# What to do
Transcribe the entries below word for word, beginning at the line with "Conjunto de Jantar" and stopping after the line with "手机备份手机软件是一款能够帮"; drop all pictures.

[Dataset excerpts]

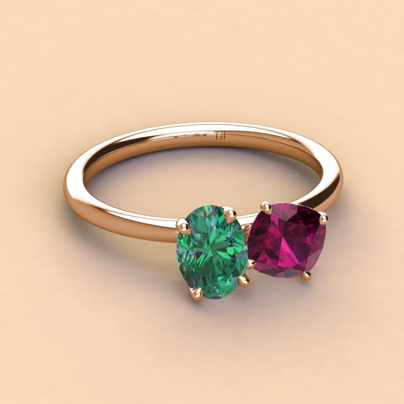 Oval Shape Lab Created Alexandrite & Cushion Shape Rhodolite Garnet 2.75 ctw Four Prong Womens 2 Stone Duo Engagement Ring 10K Rose Gold More Details ...
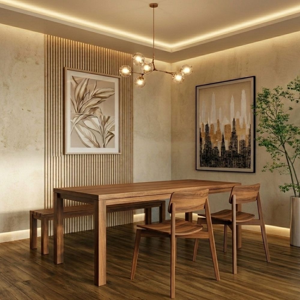 Conjunto de Jantar Nature, completo e perfeito para compor sua sala com harmonia e um toque rústico aconchegante. Desenvolvidos por Designer, suas estruturas são 100% em Madeira Maciça Taeda (presença calorosa, toque orgânico) com acabamento em pintura brilho 5% e textura escovado (toque rústico que encontra o chique). Composto por mesa de jantar e banco com tampo e pés retos reforçados, ambos com 40 mm de espessura. As cadeiras contam com estilo ergonômico, bordas curvas, pés reforçados e assento com capacidade de 120 kg cada. Conceito rústico e moderno, ideal para salas e áreas gourmet. Produtos serão entregues em 04 volumes.
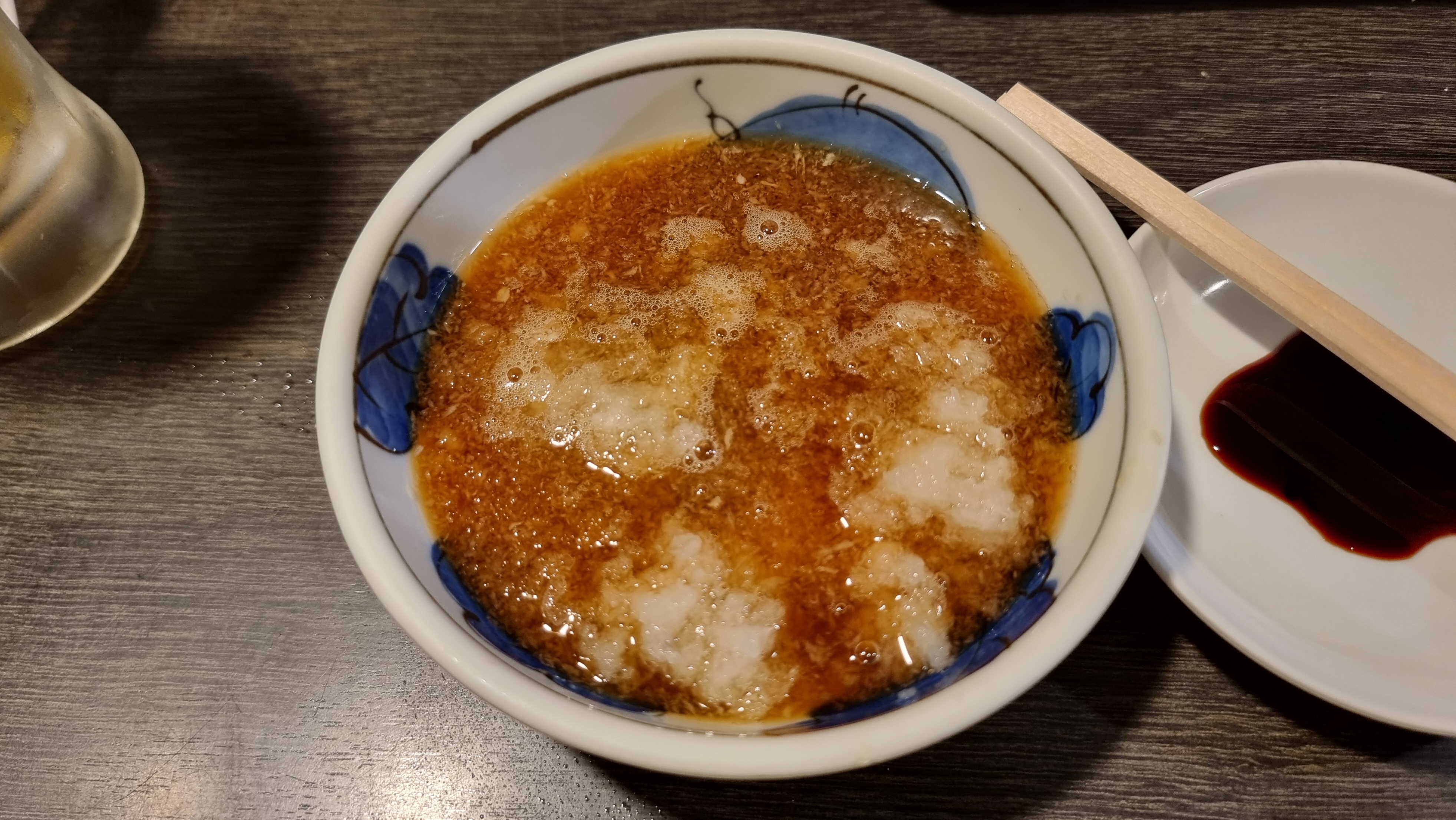 튀김 종류를 주문하면 밥공기같은 크기의 그릇에 튀김용 갈은무가 잔뜩 들어있는 튀김용 양념간장을 가져다 주십니다.
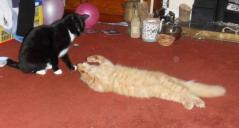 I have had a dear cat called Squeaky. He was 19years 7 months old. We'd had the priveledge of his company from when he was an 8 week old kitten. At 12 weeks, still small enough to to sit on the palm of my hand, he decided that he was brave enough to tackle a Cock Pheasant as supper. Given that he weighed one fifth of the bird, the outcome was predictable, but it showed his courage and determination. He was boss cat in our household, even with much bigger Norwegian Forest Cats and Maine Coon cats in the household. Squeaky was a black & white Heinz57 domestic mog, with a short tail after half had to be amputated.
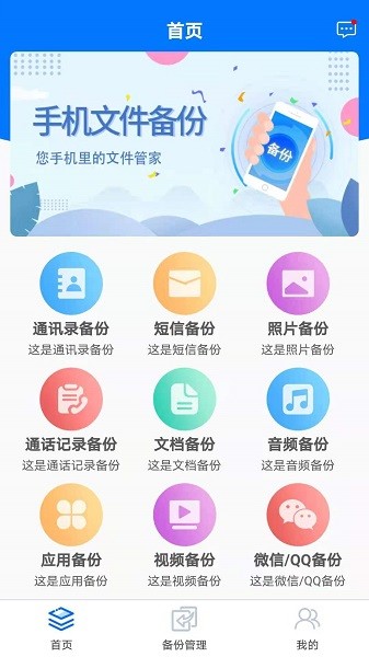 手机备份手机软件是一款能够帮助用户们快速备份手机数据的app,用户们能够将自己手机中的各种数据文件备份之后传输到云端,防止手机数据丢失。通讯录、短信、照片、通话记录、文档、音频、应用、视频、微信qq等等等等全都能够便捷备份,帮助用户们保存重要数据,还有好的隐私保密功能,让用户们可以放心使用。
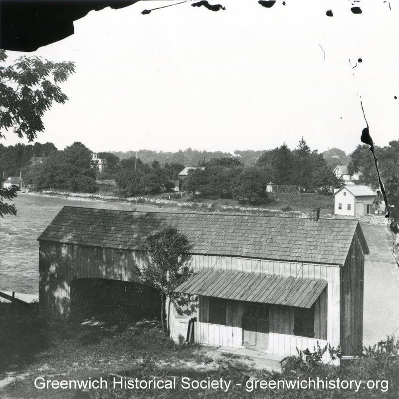 House rented by Michael Taylor and the newspaper stand he owned in what formerly was the Brush storehouse on Strickland Road, near the current location of 42 Strickland Road, adjacent to the River Road bridge and accross from the Bush-Holley House. (See PC000698 for an earlier view.) This structure was raized in 1907.Collection

# Written response
 Conjunto de Jantar Nature, completo e perfeito para compor sua sala com harmonia e um toque rústico aconchegante. Desenvolvidos por Designer, suas estruturas são 100% em Madeira Maciça Taeda (presença calorosa, toque orgânico) com acabamento em pintura brilho 5% e textura escovado (toque rústico que encontra o chique). Composto por mesa de jantar e banco com tampo e pés retos reforçados, ambos com 40 mm de espessura. As cadeiras contam com estilo ergonômico, bordas curvas, pés reforçados e assento com capacidade de 120 kg cada. Conceito rústico e moderno, ideal para salas e áreas gourmet. Produtos serão entregues em 04 volumes.
 튀김 종류를 주문하면 밥공기같은 크기의 그릇에 튀김용 갈은무가 잔뜩 들어있는 튀김용 양념간장을 가져다 주십니다.
 I have had a dear cat called Squeaky. He was 19years 7 months old. We'd had the priveledge of his company from when he was an 8 week old kitten. At 12 weeks, still small enough to to sit on the palm of my hand, he decided that he was brave enough to tackle a Cock Pheasant as supper. Given that he weighed one fifth of the bird, the outcome was predictable, but it showed his courage and determination. He was boss cat in our household, even with much bigger Norwegian Forest Cats and Maine Coon cats in the household. Squeaky was a black & white Heinz57 domestic mog, with a short tail after half had to be amputated.
 手机备份手机软件是一款能够帮助用户们快速备份手机数据的app,用户们能够将自己手机中的各种数据文件备份之后传输到云端,防止手机数据丢失。通讯录、短信、照片、通话记录、文档、音频、应用、视频、微信qq等等等等全都能够便捷备份,帮助用户们保存重要数据,还有好的隐私保密功能,让用户们可以放心使用。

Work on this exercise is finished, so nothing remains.